----- Data supplied
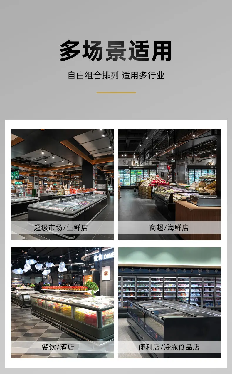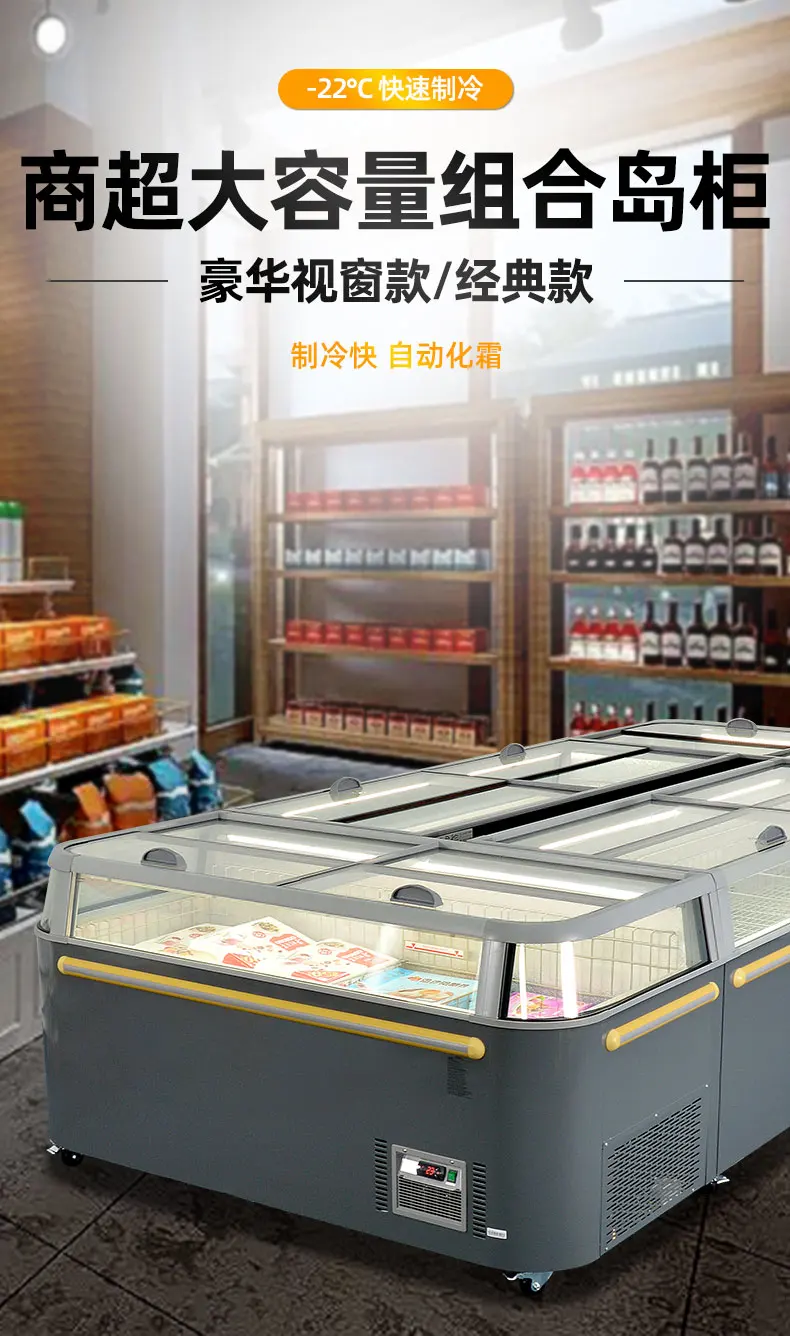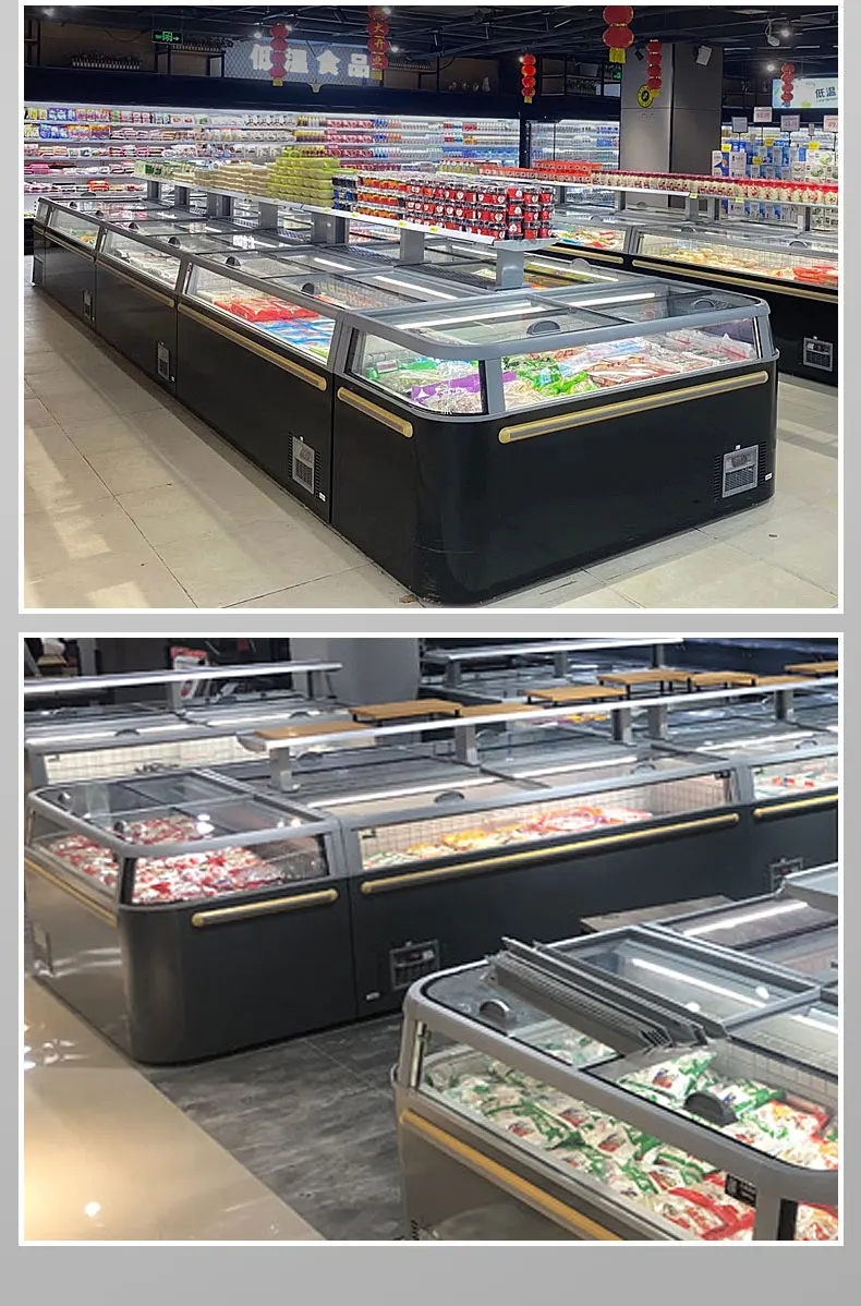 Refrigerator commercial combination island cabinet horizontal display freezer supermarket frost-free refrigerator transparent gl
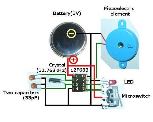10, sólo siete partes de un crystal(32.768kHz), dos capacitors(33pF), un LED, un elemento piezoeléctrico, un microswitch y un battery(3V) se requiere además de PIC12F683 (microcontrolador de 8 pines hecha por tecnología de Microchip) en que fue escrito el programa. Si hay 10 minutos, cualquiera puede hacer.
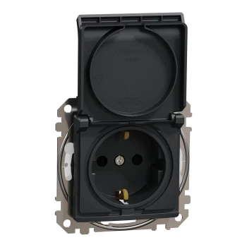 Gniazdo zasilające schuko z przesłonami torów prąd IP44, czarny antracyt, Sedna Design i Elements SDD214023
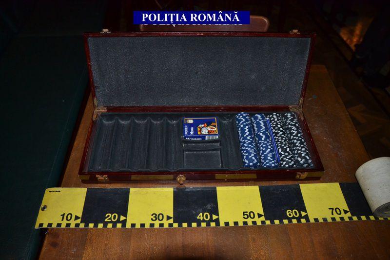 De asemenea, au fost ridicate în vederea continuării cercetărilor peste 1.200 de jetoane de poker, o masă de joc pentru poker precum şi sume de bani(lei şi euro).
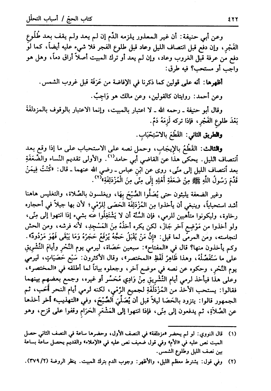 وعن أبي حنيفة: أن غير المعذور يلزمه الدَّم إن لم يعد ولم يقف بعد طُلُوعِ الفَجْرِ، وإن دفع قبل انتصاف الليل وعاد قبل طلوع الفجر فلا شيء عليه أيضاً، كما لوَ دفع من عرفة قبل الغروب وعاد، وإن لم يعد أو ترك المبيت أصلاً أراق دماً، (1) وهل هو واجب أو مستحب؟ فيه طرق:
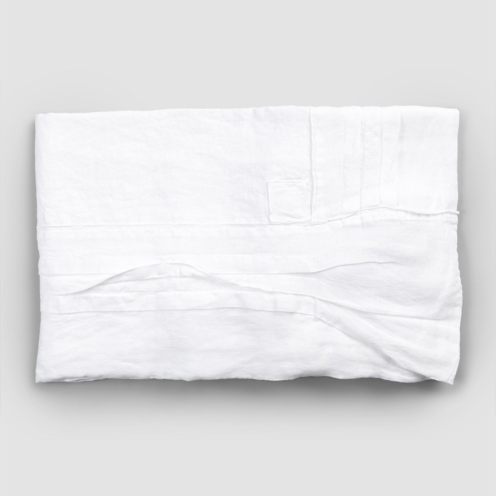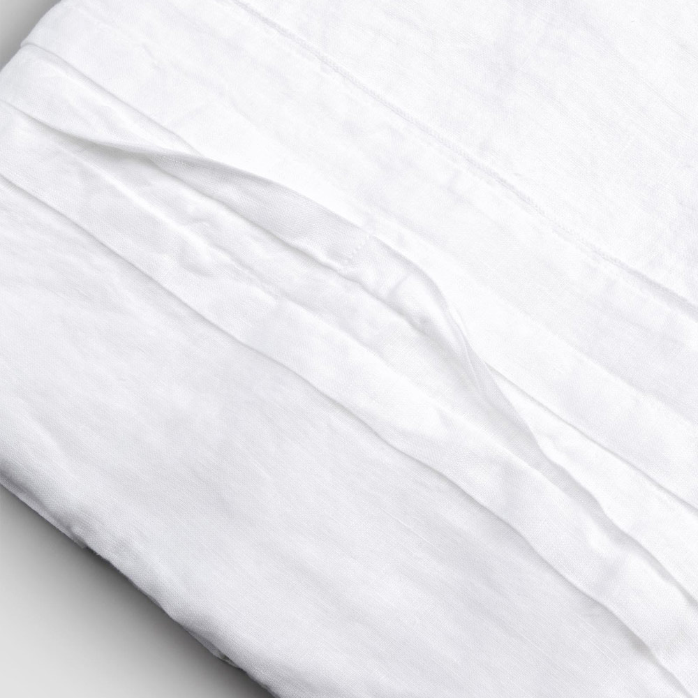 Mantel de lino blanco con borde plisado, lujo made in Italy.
----------
----- Data supplied
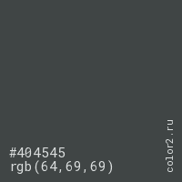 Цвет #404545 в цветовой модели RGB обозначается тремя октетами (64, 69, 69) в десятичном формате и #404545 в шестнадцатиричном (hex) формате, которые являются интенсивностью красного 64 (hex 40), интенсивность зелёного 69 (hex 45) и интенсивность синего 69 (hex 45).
----------
----- Data supplied
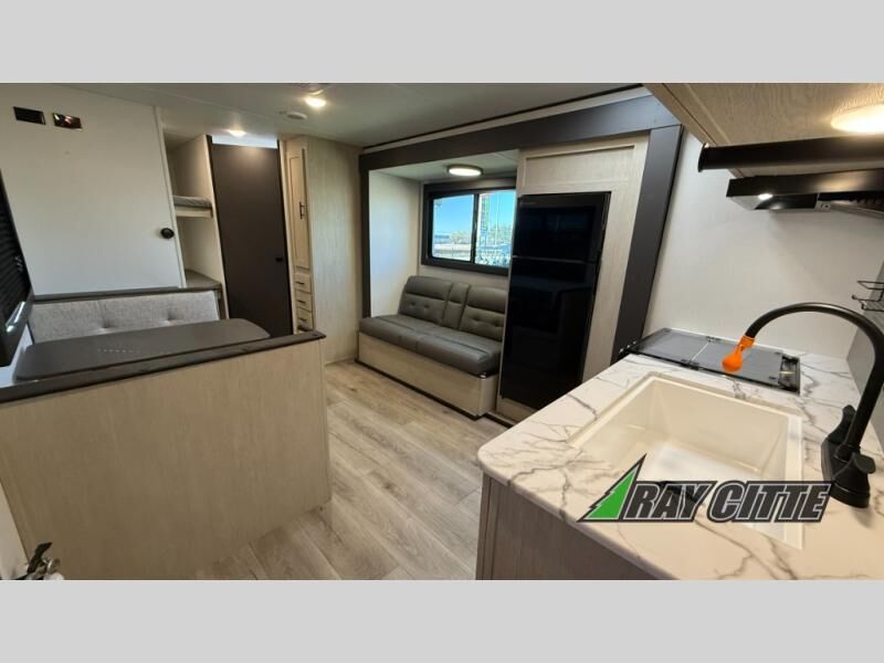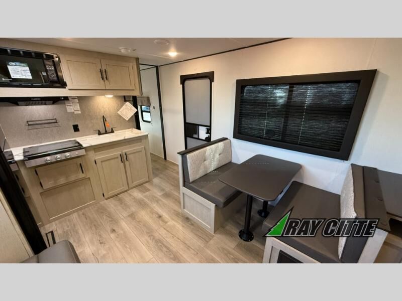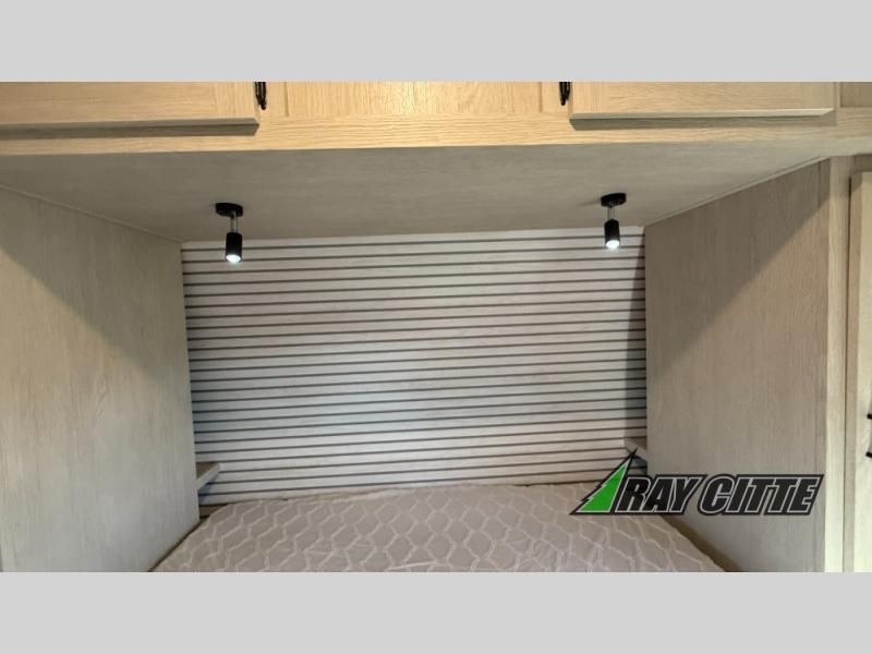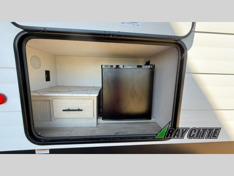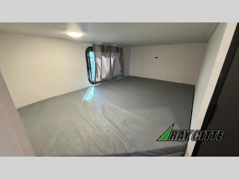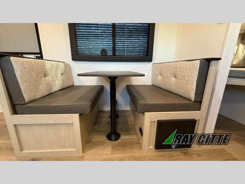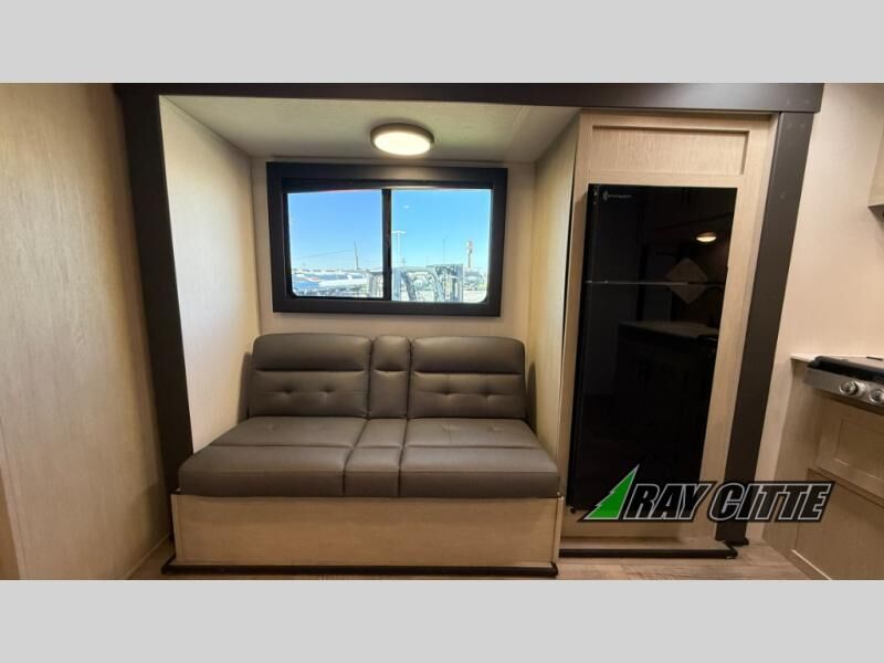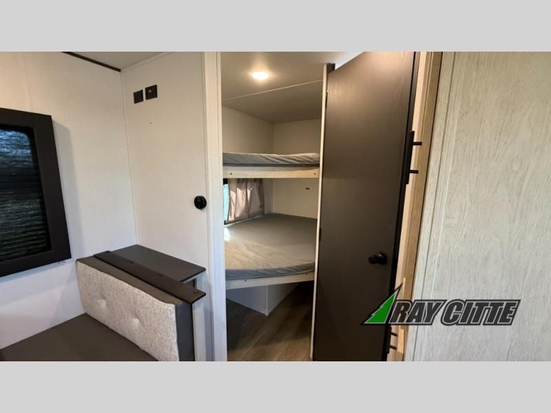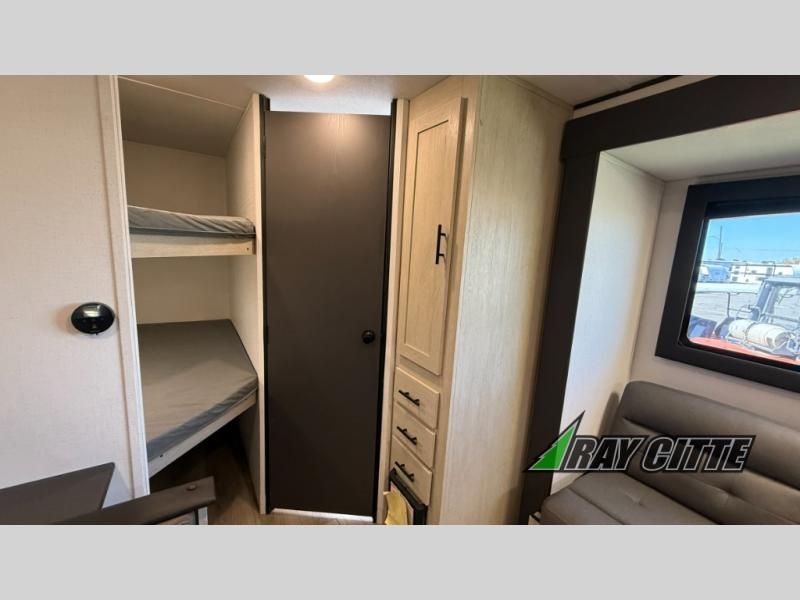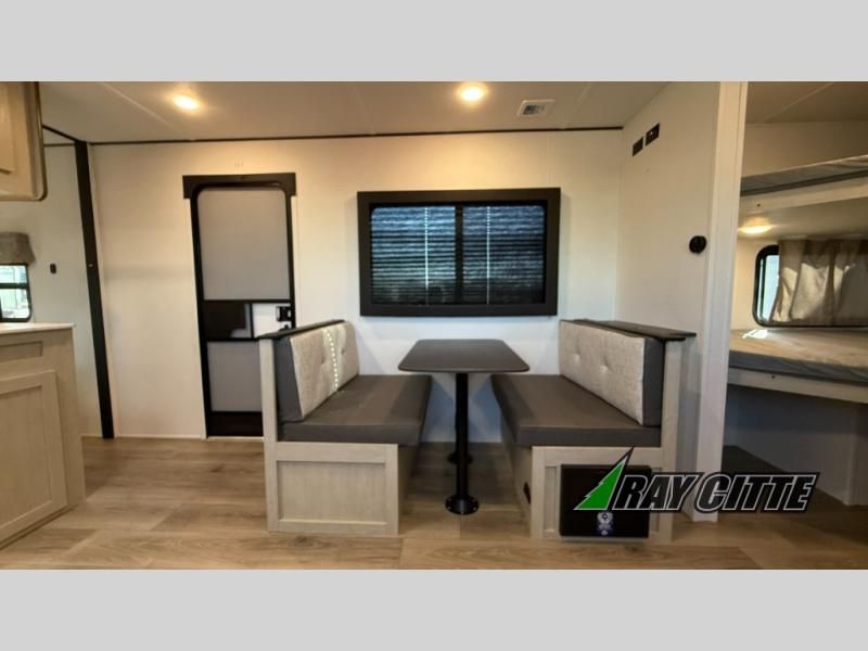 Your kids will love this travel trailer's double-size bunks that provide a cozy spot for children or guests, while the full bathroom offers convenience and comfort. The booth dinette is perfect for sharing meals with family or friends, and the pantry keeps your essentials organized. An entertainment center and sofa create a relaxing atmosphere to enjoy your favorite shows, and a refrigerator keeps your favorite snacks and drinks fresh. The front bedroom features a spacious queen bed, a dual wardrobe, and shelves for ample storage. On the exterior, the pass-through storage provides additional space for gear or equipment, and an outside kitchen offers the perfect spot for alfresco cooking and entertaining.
----------
▶ [Your objective] Please set down, exactly and with no pictures, the lines in the entries above starting at the one holding "وعن أبي حنيفة: أن" and ending at the one holding "Mantel de lino", ends included.

▶ [Result for this task]
 وعن أبي حنيفة: أن غير المعذور يلزمه الدَّم إن لم يعد ولم يقف بعد طُلُوعِ الفَجْرِ، وإن دفع قبل انتصاف الليل وعاد قبل طلوع الفجر فلا شيء عليه أيضاً، كما لوَ دفع من عرفة قبل الغروب وعاد، وإن لم يعد أو ترك المبيت أصلاً أراق دماً، (1) وهل هو واجب أو مستحب؟ فيه طرق:
 Mantel de lino blanco con borde plisado, lujo made in Italy.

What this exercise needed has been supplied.